AIM OF THE TASK => Taking the line that contains "Kit Organizador de" as the start and the last line of the data as the end, repeat exactly every line in that span, but no pictures.

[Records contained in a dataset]
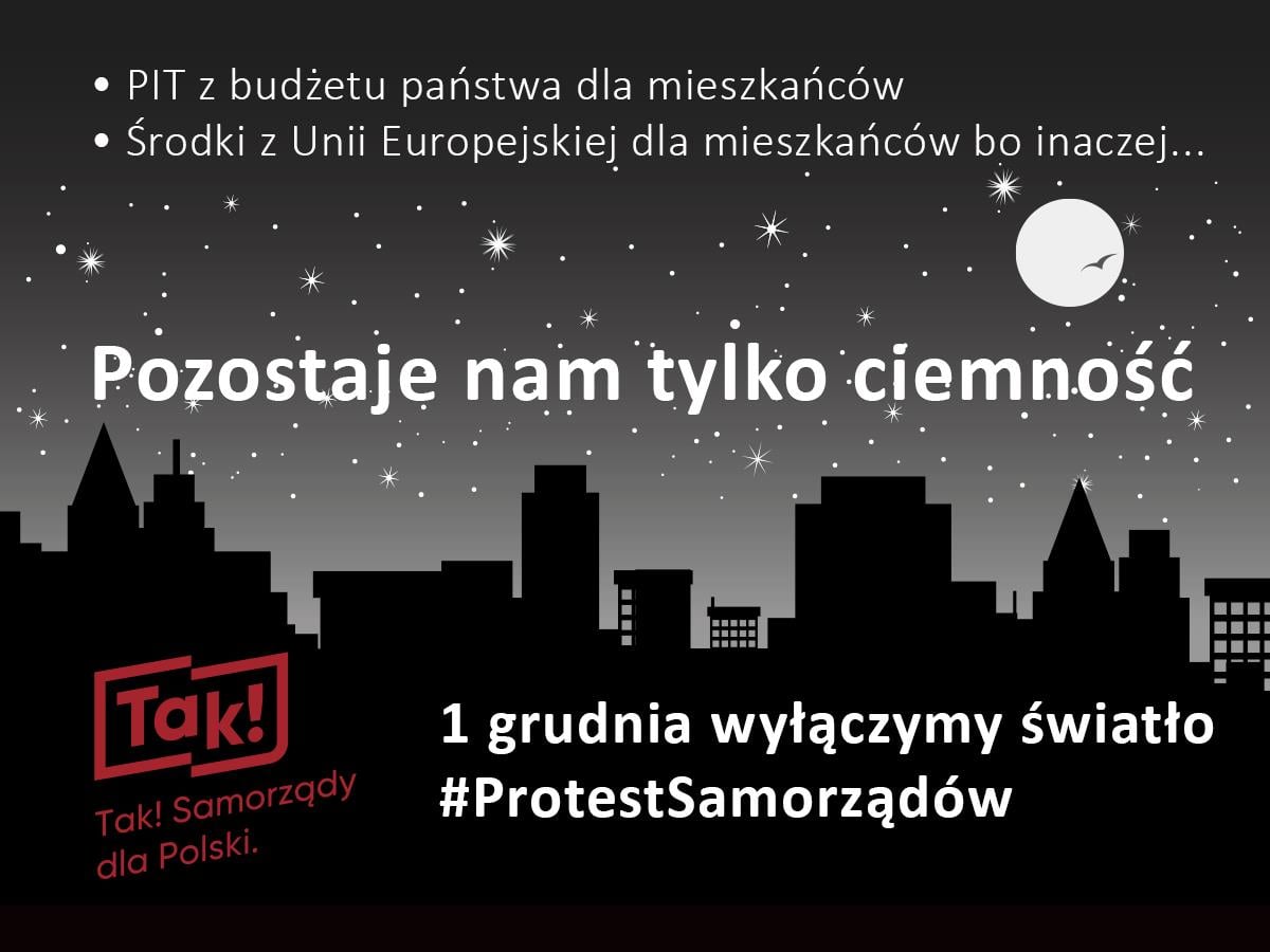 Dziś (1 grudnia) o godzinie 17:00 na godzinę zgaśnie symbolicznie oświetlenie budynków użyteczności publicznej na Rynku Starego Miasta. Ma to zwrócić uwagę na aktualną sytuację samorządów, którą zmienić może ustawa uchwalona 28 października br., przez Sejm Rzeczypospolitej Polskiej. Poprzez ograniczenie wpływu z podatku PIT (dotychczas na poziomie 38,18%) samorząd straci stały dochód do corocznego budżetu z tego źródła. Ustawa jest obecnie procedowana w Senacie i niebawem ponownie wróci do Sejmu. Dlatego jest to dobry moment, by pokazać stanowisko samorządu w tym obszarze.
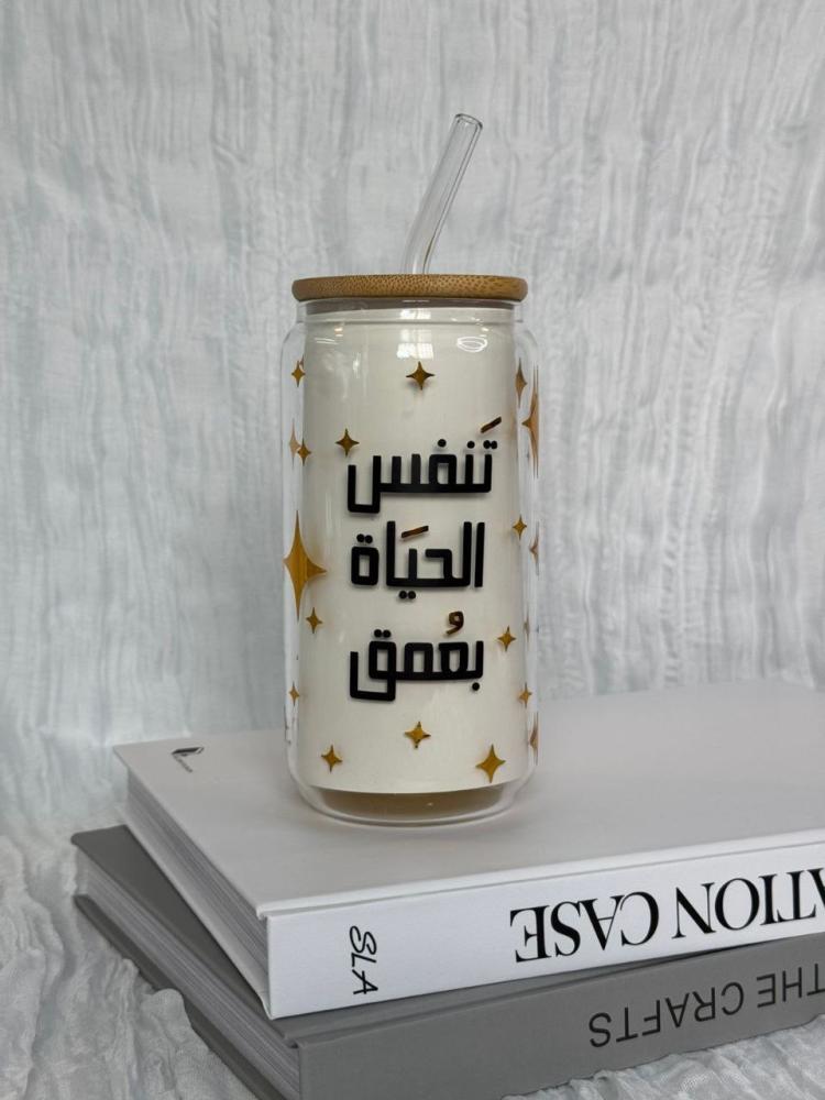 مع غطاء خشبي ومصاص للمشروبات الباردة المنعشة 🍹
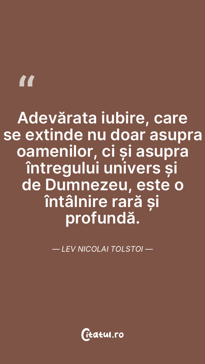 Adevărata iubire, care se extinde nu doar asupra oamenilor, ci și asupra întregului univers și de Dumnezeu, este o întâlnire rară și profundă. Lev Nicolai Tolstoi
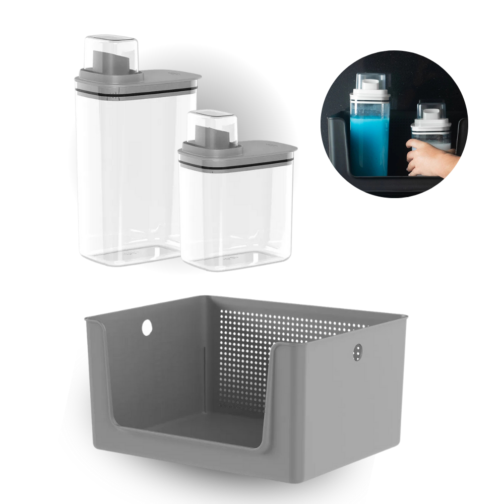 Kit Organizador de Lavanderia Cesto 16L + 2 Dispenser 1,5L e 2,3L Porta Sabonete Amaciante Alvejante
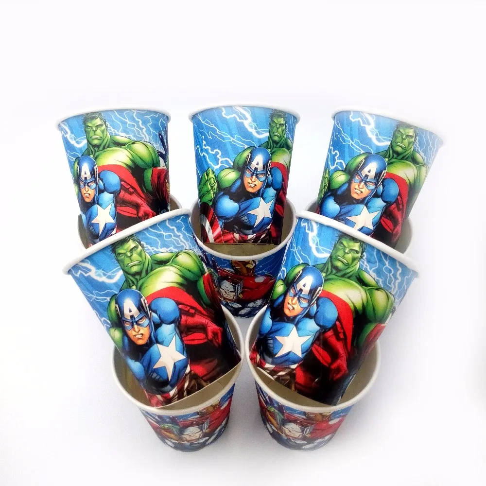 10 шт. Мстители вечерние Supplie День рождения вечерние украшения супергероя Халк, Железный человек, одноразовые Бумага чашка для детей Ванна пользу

EXERCISE OUTPUT =>
 Kit Organizador de Lavanderia Cesto 16L + 2 Dispenser 1,5L e 2,3L Porta Sabonete Amaciante Alvejante
 10 шт. Мстители вечерние Supplie День рождения вечерние украшения супергероя Халк, Железный человек, одноразовые Бумага чашка для детей Ванна пользу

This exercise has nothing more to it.